Based on the above development, the first major changes to the Gleason grading system were introduced by the International Society of Urological Pathology in 2005. During that meeting, the grading system underwent major revision. Medical professionals came to the conclusion that Gleason pattern 3 presenting large cribriform glands should be now graded as Gleason pattern 4. The update to the “modified Gleason” leads to a big discrepancy when analyzing data prior to 2005. However, no consensus was achieved on poorly formed and fused cribriform glands.
Later on, during the 2014 ISUP consensus conference it was accepted that all cribriform structures were to be graded as Gleason Pattern 4. This is due to the fact that numerous studies demonstrated that cribriform glands were related to adverse prognosis regardless of their morphology [,,,]. Some pathologists, however, had practiced this scheme for some time before the consensus meeting []. It was also agreed that Glomeruloid structures should be included into Gleason 4. Mucinous structures were to be graded according to their underlying growth pattern rather than all being marked as Gleason 4. When it comes to intraductal carcinoma of the prostate (IDCP), scientists came to a consensus that only invasive carcinoma should be incorporated into the Gleason score. During the 2014 meeting a new five tier Grade group system was accepted to be reported together with the Gleason score [].
The most recent ISUP consensus meeting took place in 2019. The major changes to the Gleason grading system concerned the minor/tertiary histological patterns, systematic reports concerning multiple biopsy cores and MR fusion biopsies. It was agreed that minor/tertiary Gleason 4 and 5 grades should be noted in prostatectomies and in biopsies in cases where they constitute >5% of the volume [].
In 2019, there was another independent working group, Genitourinary Pathology Society (GUPS), that also published their own cancer grading manuscript. ISUP 2019 and GUPS contain many similarities, but some key areas have major disagreements when it comes to recommendations and conclusions. According to GUPS, IDCP should not be included in determining the final Gleason score but it should nevertheless be reported. It is also recommended by GUPS to perform immunohistochemistry in case of ICDP if the Gleason score is 6 or there is a suspicion of cribriform carcinoma. According to ISUP on the other hand, IHC is unnecessary as ICDP should be incorporated automatically in the Gleason score. Another significant disagreement arose around minor/tertiary patterns. According to ISUP, even high-grade components, in the presence of only two histological types of malignant tissue, should be graded as minor when they represent <5%. According to GUPS three different grades have to be present and if grade 5 represents >5%, it should be accounted as a secondary pattern. According to GUPS “minor pattern” is the recommended form with the exception of Grade groups 2 and 3 where “tertiary pattern” should be used [].

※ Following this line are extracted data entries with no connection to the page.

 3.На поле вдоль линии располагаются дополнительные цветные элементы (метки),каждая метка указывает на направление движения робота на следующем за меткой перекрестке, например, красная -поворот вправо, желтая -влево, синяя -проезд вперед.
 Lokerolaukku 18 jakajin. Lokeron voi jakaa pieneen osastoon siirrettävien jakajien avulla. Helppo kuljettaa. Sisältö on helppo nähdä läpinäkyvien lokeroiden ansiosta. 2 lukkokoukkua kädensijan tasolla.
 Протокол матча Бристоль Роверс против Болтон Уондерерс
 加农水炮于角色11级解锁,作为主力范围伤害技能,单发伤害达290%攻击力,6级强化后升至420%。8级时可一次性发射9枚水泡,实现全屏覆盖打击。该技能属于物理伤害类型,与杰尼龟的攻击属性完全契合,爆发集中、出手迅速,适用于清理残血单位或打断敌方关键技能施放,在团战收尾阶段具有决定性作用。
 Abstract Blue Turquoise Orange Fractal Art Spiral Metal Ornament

4. Quantitative Gleason and Artificial Intelligence

Traditional Gleason grading describes the histopathological state of the prostate in a reasonably rigid categorical fashion which subjects it to big inter-observer variability between growth patterns. The idea behind quantitative Gleason grading is that the cancer grading should rather be treated as a continuum and the categorical grade patterns should be broken down into proportional scales of different grades. According to Sauter et al. 2016 quantitative Gleason grading is less prone to interobserver bias and provides more detailed information than the traditional grading categories []. It was also shown that presence of high-grade tertiary patterns have a stronger correlation with negative outcome rather than the area of secondary pattern of equal grade [].

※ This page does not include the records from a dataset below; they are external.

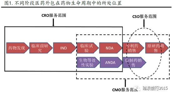 目前现状是CMO与CRO现在都是交叉延伸,挤占彼此领域,好在当下是行业景气周期,大家都能喝点汤,往长远看,提出一个问题,CRO往CMO延伸容易,还是CMO往CRO延伸容易呢?个人一点不成熟的想法,可能处于药物生命周期前面的可能会更有优势,比如药物发现阶段的药明康德、康龙化成,主要的就是现在的业务可以给未来领域延伸,做引流啊,某种意义上说卡住了关键位置。先看下图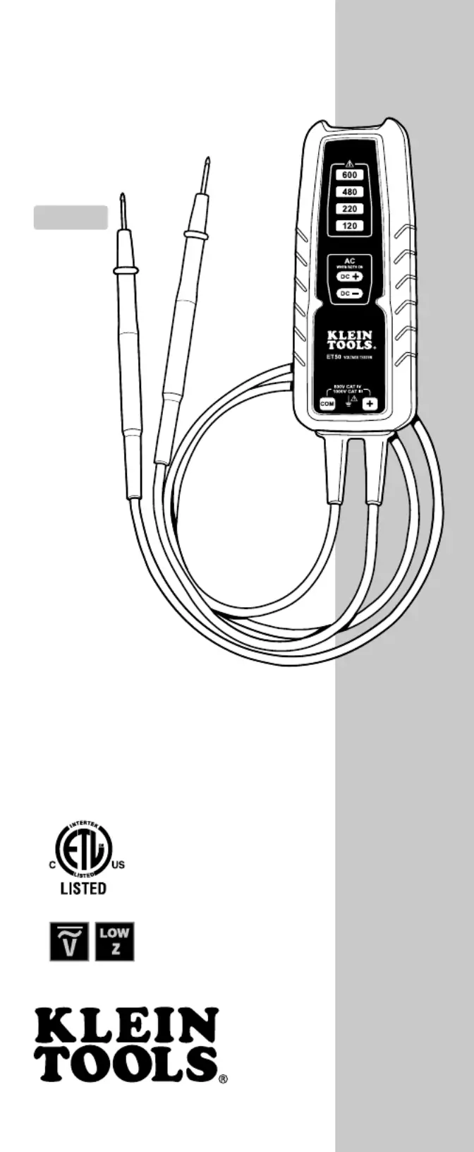 Lies die bedienungsanleitung für Klein Tools ET50 (6 Seiten) kostenlos online; sie gehört zur Kategorie Messung. Dieses Handbuch wurde von 7 Personen als hilfreich bewertet und erhielt im Schnitt 4.2 Sterne aus 5 Bewertungen. Hast du eine Frage zu Klein Tools ET50 oder möchtest du andere Nutzer dieses Produkts befragen? Stelle eine Frage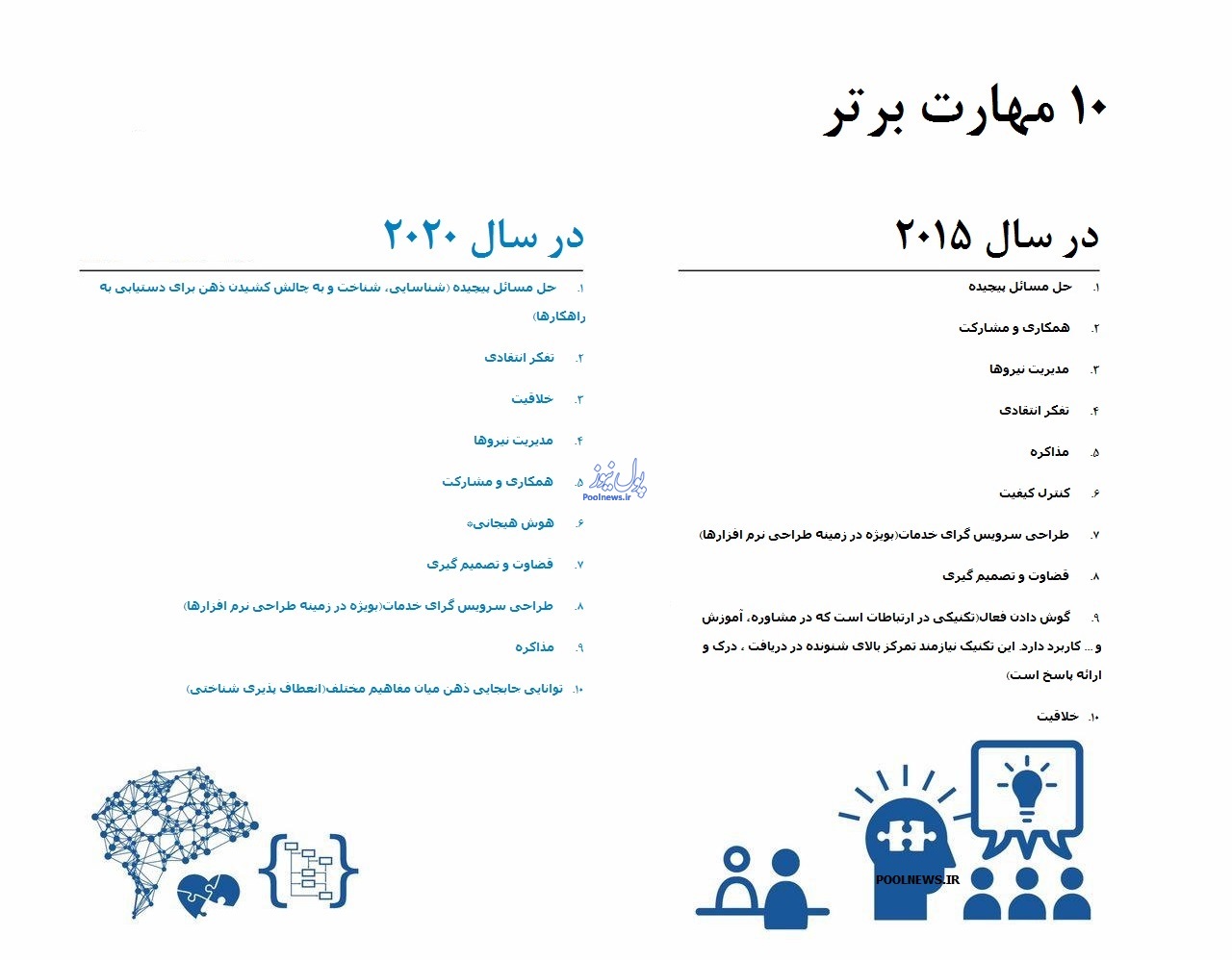 یک مقایسه ساده نشان می دهد در سال 2020 عامل خلاقیت که در سال 2015 در رده آخر قرار داشته به رتبه سوم آمده که این نشانگر اهمیت بالای این فاکتور برای موفقیت در آینده است. ربات ها می توانند به افزایش سرعت و کیفیت روند تولید و ارائه خدمات کمک کنند اما همچنان وظیفه ارائه خلاقیت و نوآوری برعهده ذهن انسان است. کافی است به باقی جابجایی ها نیز نگاهی دقیق تر داشته باشید همه چیز به خوبی گویای نیاز روز و آینده مشاغل در آینده نه چندان دور خواهد بود.

The use of proportionate grading is becoming easier with better access to image repositories and related data, as well as increased computational ability for complex artificial intelligence (AI) models. Research has shown that the accuracy and consistency of AI algorithms, when it comes to grading, are similar or even better than that of the general pathologists [,,]. AI could make cancer detection and grade assessment more efficient and less prone to human error in the future. Pantanowitz et al. showed high accuracy of image analysis in an AI-based algorithm meant to identify and quantify PCa, recognize low-grade and high-grade tumors and also detect perineural invasion in core needle biopsies []. There definitely is a new era of AI-augmented histological image analysis trying to come up with new methods for prognostication as well.

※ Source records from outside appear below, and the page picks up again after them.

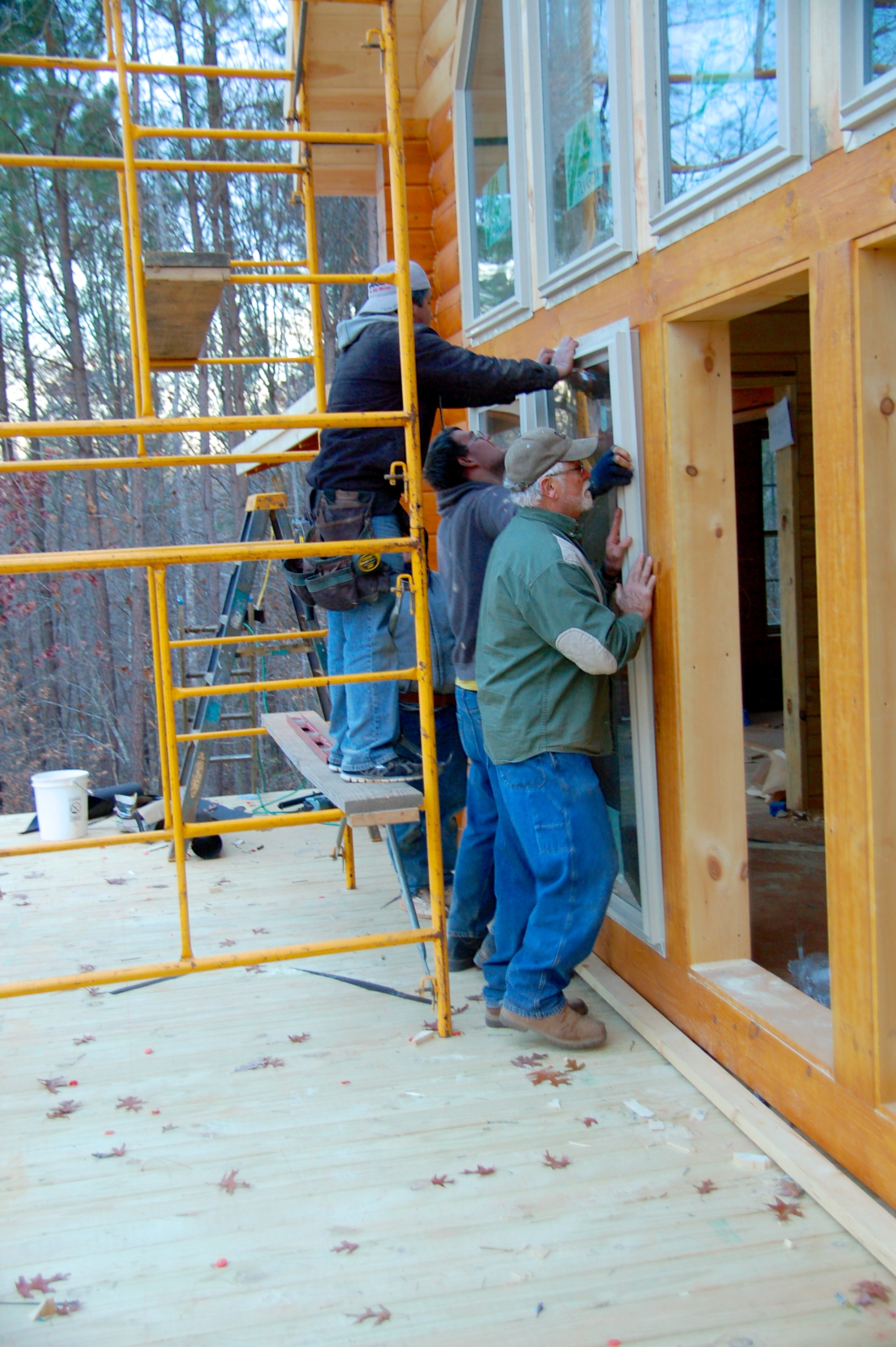 Mr. Lipham, Raymond, Miguel and José work the next window into place
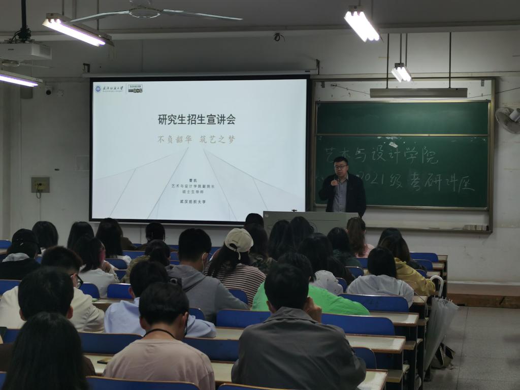 的历史文化、学院的研究生导师团队和代表性成果、学科与研究方向、研究生培养模式与目标、学院近年招生录取情况。随后,曹凯老师分别从专业、英语、政治三方面详细分析了考研的方法以及考研的内容等问题,并结合艺术生的实际情况讲解目标院校的抉择、书目的准备、学习的方法以及考试的技巧等。他认为学习效率、考研心态和自控力是决胜的关键所在,鼓励同学们要加强基础知识复习,提升学习效率,注重身体锻炼,多与老师们交流,积极寻找志同道合的研友,互相加油打气,共勉到底。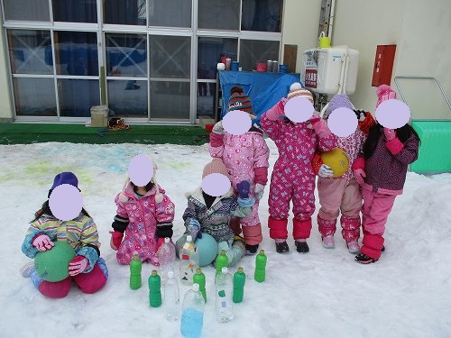 色水遊びをしたり、そり滑りをしたり、かけっこをしたり・・・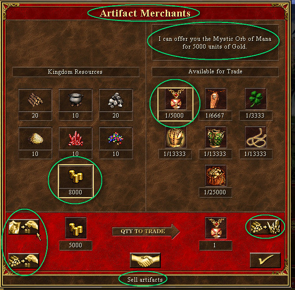 | Description | First, have a look at 0000564 & 0000562 for similar interface issues: - It's still called Marketplace - Trader info box ("Please inspect our fine ware...." default, or custom if we select an artifact) - Subtitles alignment, missing tooltips - Yellow frames for selected res/artifact What I noticed on top of the above is that we are missing the buttons: - Sell artifacts - Give resources to another player - Trade resources We do however have these buttons in the Marketplace window, but placed a bit different as compared to H3. | ||||||||||||
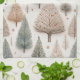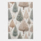 A kitchen towel showcasing an enchanting collection of winter trees illustrated in a soft and detailed style. It features a variety of tree types—lush evergreens, delicate bare branches, and stylized botanical forms—in muted hues of sage green, dusty rose, warm beige, taupe, and soft cream against a light neutral background. This is perfect for nature lovers, minimal holiday decorators, botanical art fans, and anyone who enjoys calm, elegant winter aesthetics.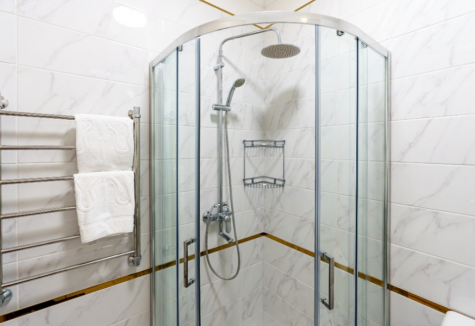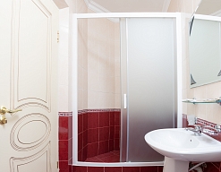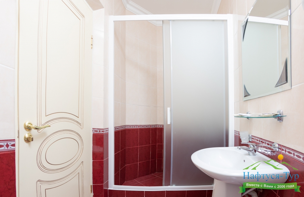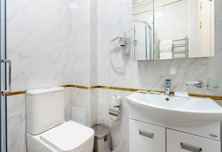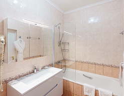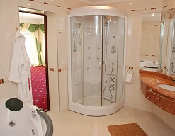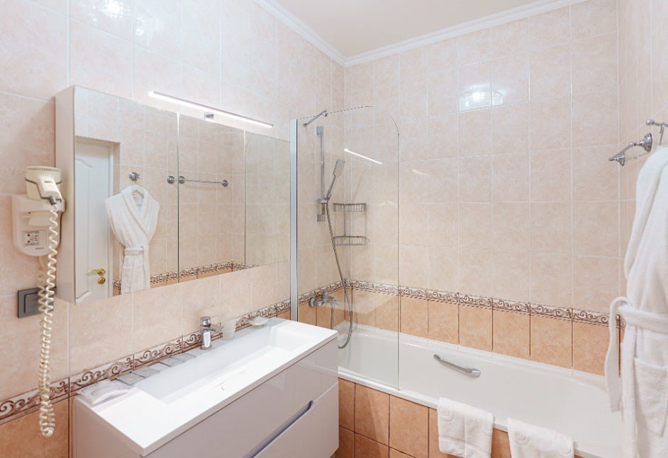 биде, с ванной, с джакузи, с душевой кабиной, тапочки, туалетные принадлежности, фен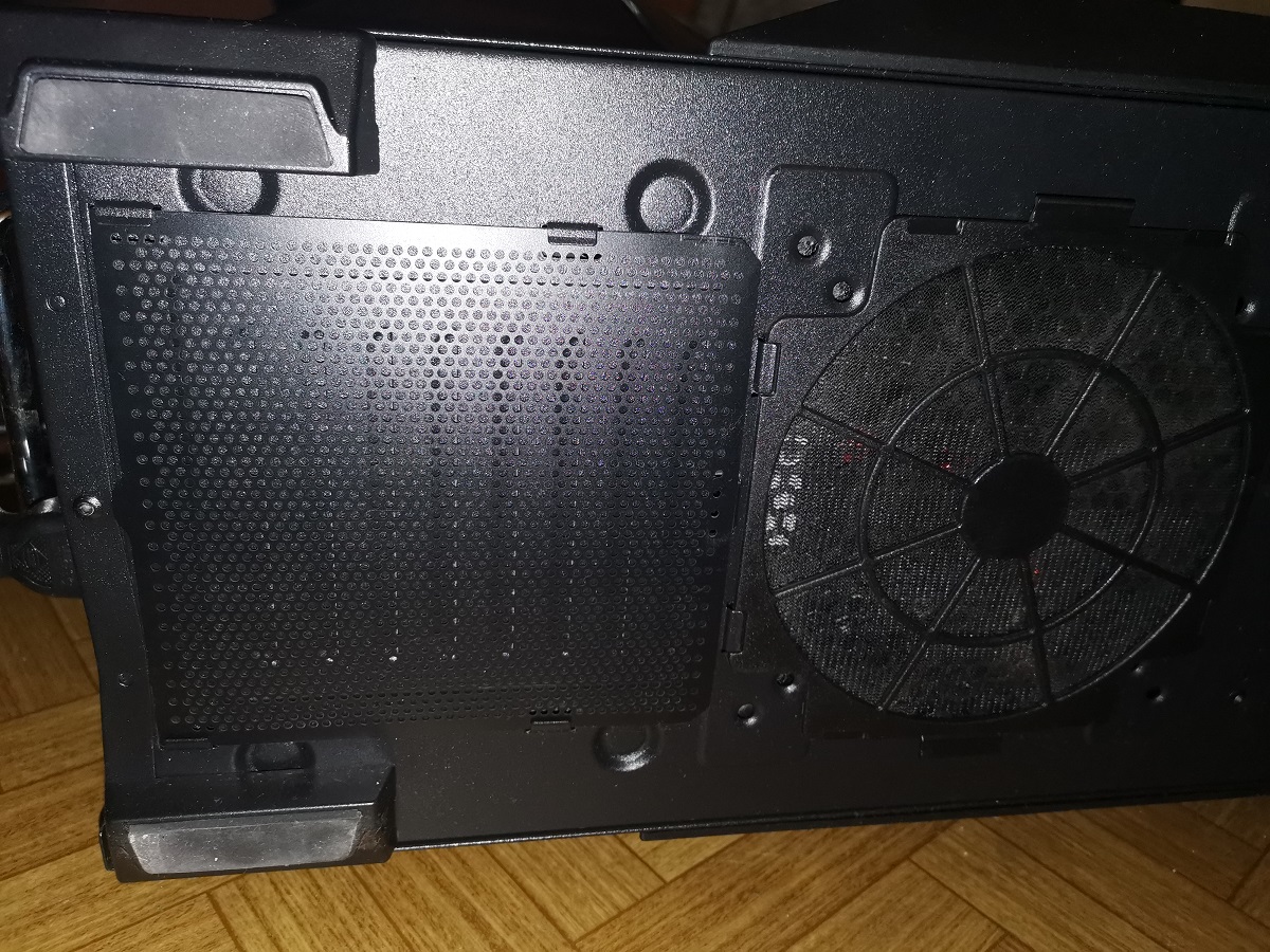 Pod tim zdrojem jsou průduchy nebo to je jenom promáčklej plech. Z tý fotky to pořádně nepoznam, ale vypadá to, že to neni průchozí.

Until now, modifications to the Gleason grade have concerned the histological appearance. With new knowledge and computational technologies available, there is room for further development in PCa grading. Also, with advancement in machine learning and AI technologies, new predictive algorithms could be possible to aid clinicians in their work. We are living at the beginning of a revolution where computers can perform complex cognitive tasks interactively with humans or independently. Big data combined with computer-aided analysis can lead to recognition of complex patterns that were very time consuming or were even never thought of before. This creates a possibility of integrating Gleason grading with advanced genomic studies, biochemistry, multiparametric imaging and electronic patient records to create tools for risk stratification and decision-making in a longer time perspective []. Especially, when thinking about active surveillance versus radical treatment, there is a need for more prognostic factors in order to somewhat predict the possible progression of cancer over time [].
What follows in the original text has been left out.